- TASK TO COMPLETE -
Would you please return only the lines from the one with "Despite its name, the" through the last line of the records below, leaving the pictures out?
START MATERIAL SHOWN
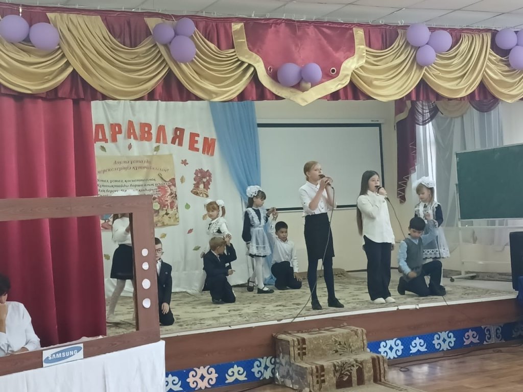 Балалар мектеп өмірінен өлеңдер, әндер, билер мен көріністерде мұғалімдерге ризашылықтарын білдірді. Сахнада шағын орталықтың балалары, 1-11 сынып оқушылары, оқытушылар өнер көрсетті. Мереке барлығына жақсы көңіл-күй мен күлкі сыйлады.
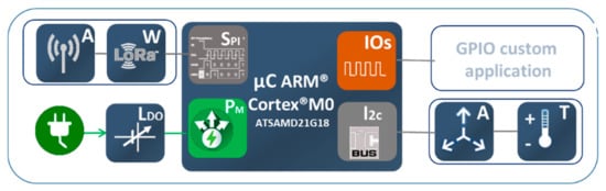 The long range transceiver is the module RFM95 with a frequency of 868 MHz. Its main features are its high sensitivity below −148 dBm combined with the +20 dBm integrated power amplifier. Its modulation modes are FSK, GFSK, MSK, GMSK, LoRaTM and OOK. The connection interface between the microcontroller and the transceiver is SPI (Serial Peripheral Interface). Finally, the whole system is finished with an omnidirectional antenna of 1dBi gain. In addition, the module incorporates a triaxial MEMS lis3dh accelerometer and a general-purpose input-output connector. Lastly, the Power Supply consisting of a TPS7A05 low quiescent current low drop regulator. Figure 2 shows the block diagram of the module.
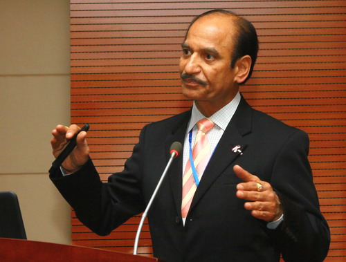 杨耀防在开幕式上致辞。他说,在这霜林染醉、枫叶流丹的深秋时节,我们相聚在环境优美的九江学院校园,共同出席2015年肿瘤基因组学和生物学国际学术研讨会。他介绍了出席本次研讨会的专家和嘉宾,并代表学校四万名师生,向他们的到来表示热烈的欢迎。同时向为本次研讨会顺利召开给予支持的全球肿瘤基因组联盟和癌转译研究组织致以诚挚的谢意。接着,他简要介绍了承办本次研讨会的永利yl23411集团官网和仁信肿瘤医学集团的基本情况。杨耀防指出,肿瘤是全世界关注度最高的医学论题之一,研究肿瘤、攻关克难、拯救生命是全体肿瘤医学界的光荣梦想和崇高使命。我们组织召开这次国际学术研讨会,旨在增强国内外医学界在肿瘤、基因组学、生物学等领域的合作与交流,探索和挑战科学前沿问题,进一步提升中国在相关研究领域的学术水平和影响力。杨耀防指出,莅临本次学术研讨会的国内外专家们都具备深厚的学术功底和丰富的临床经验及研究成果。召开这样一次高水平的学术研讨会,对于永利yl23411集团官网广大师生是一次学习和了解肿瘤医学及生物学学术研究新进展、开拓国际视野的极佳机会。杨耀防最后希望与会嘉宾充分利用研讨会这个平台,开展深入交流和讨论,充分整合国际肿瘤基因组学和生物学研究方面的前沿成果,共同推动肿瘤基因和生物学专业学科的蓬勃发展。预祝2015年肿瘤基因组学和生物学国际学术研讨会圆满成功。祝各位专家和嘉宾身体健康、万事如意。
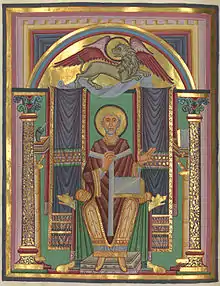 Despite its name, the Emperor's Bible is not a full Bible but a Gospel Book.[2] It also contains Jerome's preface to the gospels, short prefaces ahead of each individual gospel, illuminated canon tables and pericopes, short texts used for specific festivals. All the text has been written by a single scribe in the script known as Carolingian minuscule.[2] The book contains 159 folios or leaves, each measuring 38 centimetres (15 in) by 28 centimetres (11 in).[3] The folios are made from high quality vellum and the manuscript is generally very well preserved.[3]
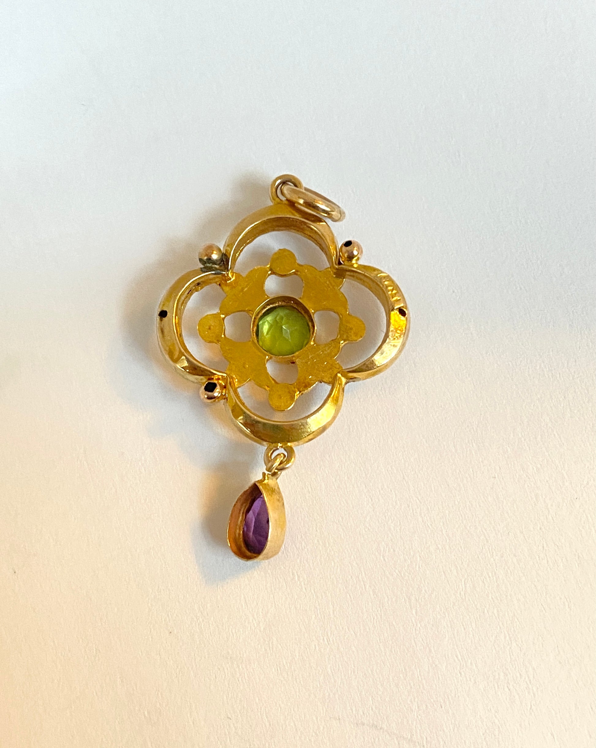 9ct Gold, Edwardian Suffragette (Amethyst, Peridot and Diamond) Pendant
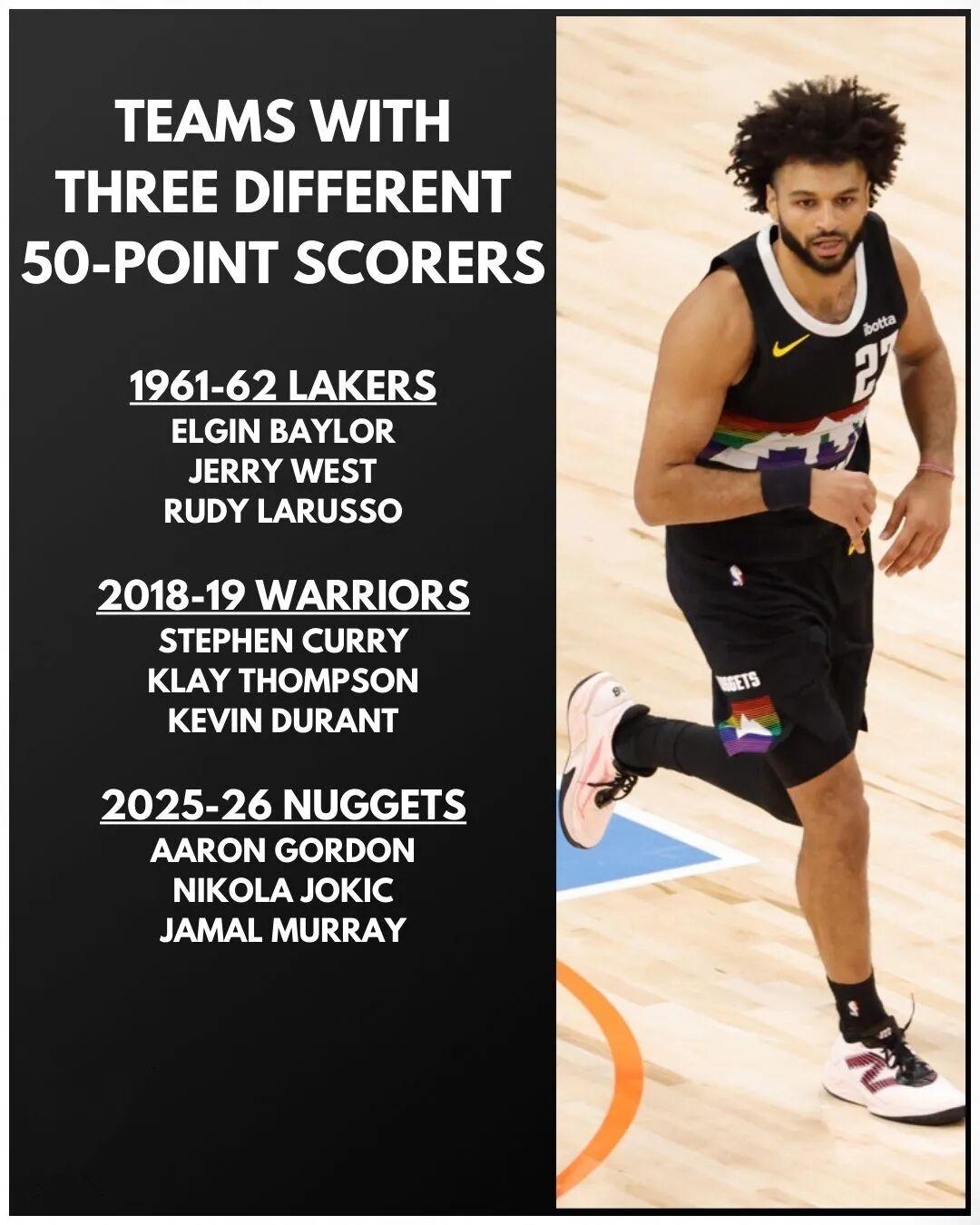 有趣的一个数据是,本赛季掘金已经有三人拿下过50+,此前两次分别是戈登对阵勇士50分、约基奇对阵快船55分,这是NBA历史上第三次单赛季同队3人50+,此前两次分别是:
END MATERIAL SHOWN
- WRITTEN ANSWER -
 Despite its name, the Emperor's Bible is not a full Bible but a Gospel Book.[2] It also contains Jerome's preface to the gospels, short prefaces ahead of each individual gospel, illuminated canon tables and pericopes, short texts used for specific festivals. All the text has been written by a single scribe in the script known as Carolingian minuscule.[2] The book contains 159 folios or leaves, each measuring 38 centimetres (15 in) by 28 centimetres (11 in).[3] The folios are made from high quality vellum and the manuscript is generally very well preserved.[3]
 9ct Gold, Edwardian Suffragette (Amethyst, Peridot and Diamond) Pendant
 有趣的一个数据是,本赛季掘金已经有三人拿下过50+,此前两次分别是戈登对阵勇士50分、约基奇对阵快船55分,这是NBA历史上第三次单赛季同队3人50+,此前两次分别是:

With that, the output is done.